Ao longo do tempo, desenvolveu-se a ideia de que pessoas em função de liderança merecem vantagens que aqueles que não conseguiram alcançar esse posto não merecem. Assim, a função acabou sendo ambicionada muito mais por seus privilégios do que por suas responsabilidades. Tal ideia para mim parece uma grande contradição, especialmente quando considero a perspectiva de liderança encontrada na pessoa de Jesus.

Neste momento, duas passagens bíblicas me vêm à mente: Mateus 20:20 a 28 e Filipenses 2:1 a 8. Na primeira, Cristo foi abordado pela mãe de dois de Seus discípulos, Tiago e João, para que lhes concedesse posição de liderança em Seu reino vindouro. Diante de um pedido muito inapropriado, que gerou indignação entre os discípulos, o Mestre deu uma resposta magistral: “Vocês sabem que os governantes das nações as dominam, e as pessoas importantes exercem poder sobre elas. Não será assim entre vocês. Ao contrário, quem quiser tornar-se importante entre vocês deverá ser servo, e quem quiser ser o primeiro deverá ser escravo; como o Filho do homem, que não veio para ser servido, mas para servir e dar a Sua vida em resgate por muitos” (20:25 a 28).

Cristo inverte a lógica humana e demonstra, por atos e palavras, que em Seu reino os valores são muito distintos. Ao tratar desse episódio, o Comentário Bíblico Adventista traz uma declaração que realça a mensagem que o Mestre pretende nos dar: “Entre os cidadãos do reino celestial, poder, posição, talento e educação devem ser devotados exclusivamente ao serviço dos outros e jamais devem ser usados como alavancas para dominar” (v. 5, p. 494). Que desafio em um mundo cada vez mais competitivo, em que o topo é um alvo a ser alcançado custe o que custar!

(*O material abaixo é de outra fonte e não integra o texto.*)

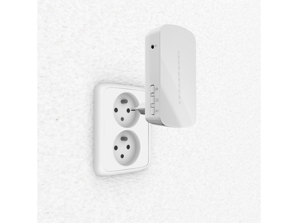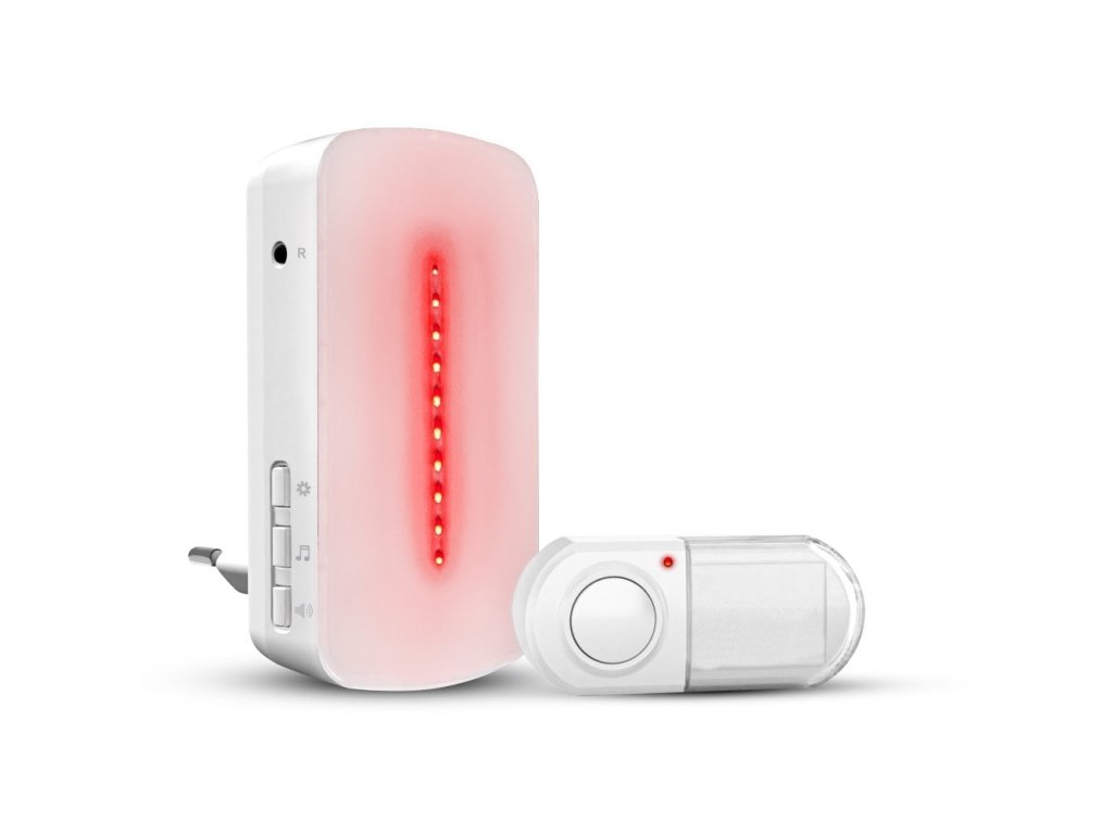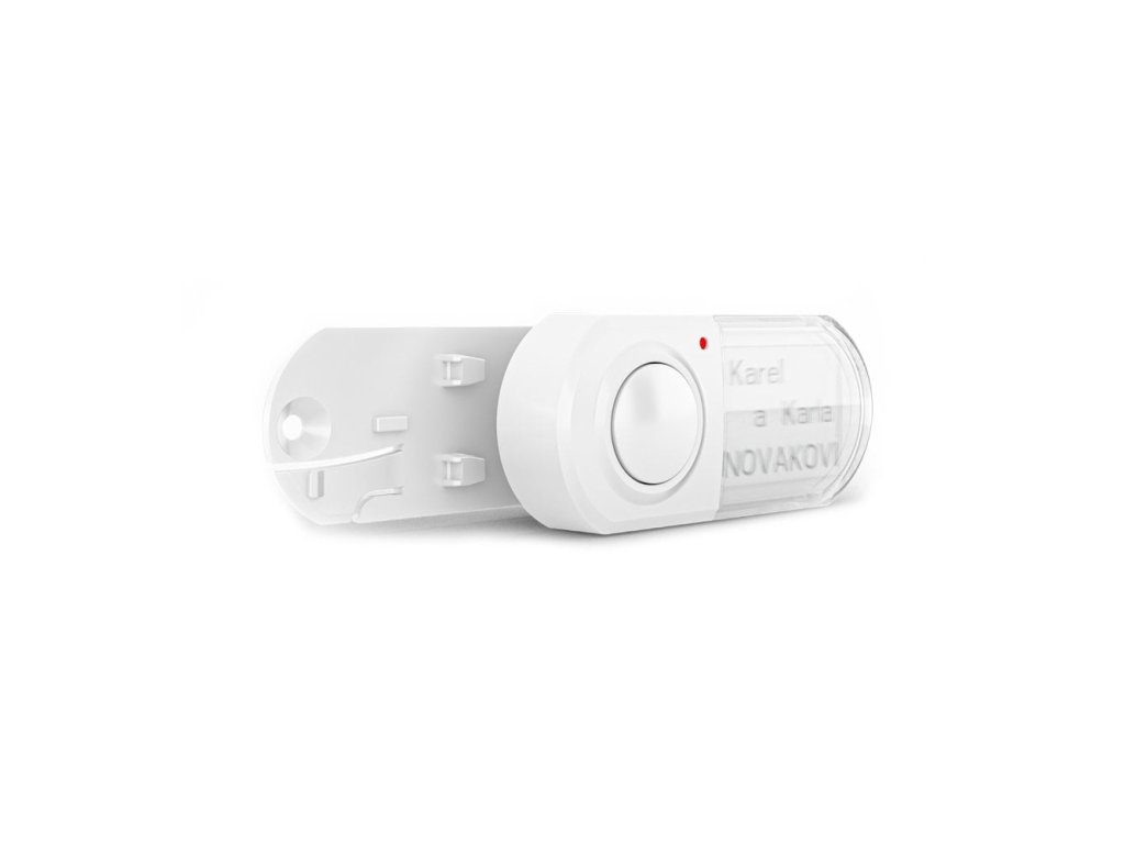 Set obsahuje domácí zvonek (přijímač) do sítě 230 VAC a tlačítko (vysílač) na baterii 3 V

Por sua vez, Filipenses 2:1 a 8 traz uma reflexão de Paulo acerca do modelo encontrado em Jesus. Considerando o exemplo de Cristo de serviço, humilhação e obediência extrema, que O conduziu à cruz, o apóstolo exorta os cristãos a abandonar qualquer atitude ambiciosa ou repleta de vaidade, e a se revestir da humildade que considera “os outros superiores a si mesmos” (v. 3). O olhar do cristão se volta para cima, em busca de um relacionamento profundo com Deus, e para os lados, com o propósito de servir aos que estão ao redor.

As lições que esses dois textos apresentam convergem perfeitamente com o anseio de Susan Cain, que conclui seu artigo da seguinte maneira: “[Se] buscamos uma sociedade de indivíduos comprometidos, criativos e solidários e líderes que sentem que estão ali para servir e não em busca de status, então temos que nos empenhar para deixar isso bem claro.” Eu seria muito ousado em dizer que os cristãos deveriam ser a resposta desse desejo?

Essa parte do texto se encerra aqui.